(WHAT IS BEING ASKED): Below is a listing; repeat exactly the lines from the one containing "During my research" to the one containing "Кольцо из белого", both included.
*** DATASET RECORDS
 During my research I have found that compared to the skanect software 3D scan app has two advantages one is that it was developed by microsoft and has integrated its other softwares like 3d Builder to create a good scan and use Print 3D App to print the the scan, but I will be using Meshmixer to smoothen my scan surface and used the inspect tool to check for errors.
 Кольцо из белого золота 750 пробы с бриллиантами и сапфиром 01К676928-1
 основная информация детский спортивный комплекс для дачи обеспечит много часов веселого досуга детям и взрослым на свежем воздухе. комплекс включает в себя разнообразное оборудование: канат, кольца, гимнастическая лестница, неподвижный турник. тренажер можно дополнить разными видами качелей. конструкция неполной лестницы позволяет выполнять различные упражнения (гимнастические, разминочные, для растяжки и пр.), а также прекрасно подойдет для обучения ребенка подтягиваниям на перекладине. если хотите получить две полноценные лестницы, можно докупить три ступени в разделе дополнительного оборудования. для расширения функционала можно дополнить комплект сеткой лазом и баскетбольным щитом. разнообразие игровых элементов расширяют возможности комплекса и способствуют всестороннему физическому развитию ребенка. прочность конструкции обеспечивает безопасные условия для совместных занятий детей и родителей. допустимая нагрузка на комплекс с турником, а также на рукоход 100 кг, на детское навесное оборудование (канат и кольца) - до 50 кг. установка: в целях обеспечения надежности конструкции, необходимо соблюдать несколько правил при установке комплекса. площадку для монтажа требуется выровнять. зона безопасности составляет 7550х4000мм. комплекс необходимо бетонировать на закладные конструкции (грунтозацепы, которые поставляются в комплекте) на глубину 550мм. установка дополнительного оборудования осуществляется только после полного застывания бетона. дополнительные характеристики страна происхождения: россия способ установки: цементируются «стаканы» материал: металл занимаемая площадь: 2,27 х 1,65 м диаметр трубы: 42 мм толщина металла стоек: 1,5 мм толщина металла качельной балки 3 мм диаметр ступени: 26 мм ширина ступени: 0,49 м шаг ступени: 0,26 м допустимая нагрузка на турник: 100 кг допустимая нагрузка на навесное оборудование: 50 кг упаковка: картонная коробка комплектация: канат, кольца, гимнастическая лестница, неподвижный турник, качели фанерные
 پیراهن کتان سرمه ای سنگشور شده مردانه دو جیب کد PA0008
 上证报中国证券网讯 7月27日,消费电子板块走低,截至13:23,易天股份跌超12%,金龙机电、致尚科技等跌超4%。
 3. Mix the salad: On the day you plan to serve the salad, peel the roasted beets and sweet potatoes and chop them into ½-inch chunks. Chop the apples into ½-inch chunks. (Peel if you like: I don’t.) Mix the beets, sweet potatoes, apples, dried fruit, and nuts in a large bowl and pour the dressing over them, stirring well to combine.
******
*** DATASET RECORDS
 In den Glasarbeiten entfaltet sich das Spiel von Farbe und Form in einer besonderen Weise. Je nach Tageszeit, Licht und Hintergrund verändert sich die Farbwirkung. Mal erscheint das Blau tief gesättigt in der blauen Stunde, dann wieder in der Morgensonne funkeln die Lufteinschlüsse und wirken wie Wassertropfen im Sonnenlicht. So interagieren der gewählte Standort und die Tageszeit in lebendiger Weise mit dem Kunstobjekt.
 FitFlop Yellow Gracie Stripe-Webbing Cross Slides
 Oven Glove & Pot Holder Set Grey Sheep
******
(TASK ANSWER):
 During my research I have found that compared to the skanect software 3D scan app has two advantages one is that it was developed by microsoft and has integrated its other softwares like 3d Builder to create a good scan and use Print 3D App to print the the scan, but I will be using Meshmixer to smoothen my scan surface and used the inspect tool to check for errors.
 Кольцо из белого золота 750 пробы с бриллиантами и сапфиром 01К676928-1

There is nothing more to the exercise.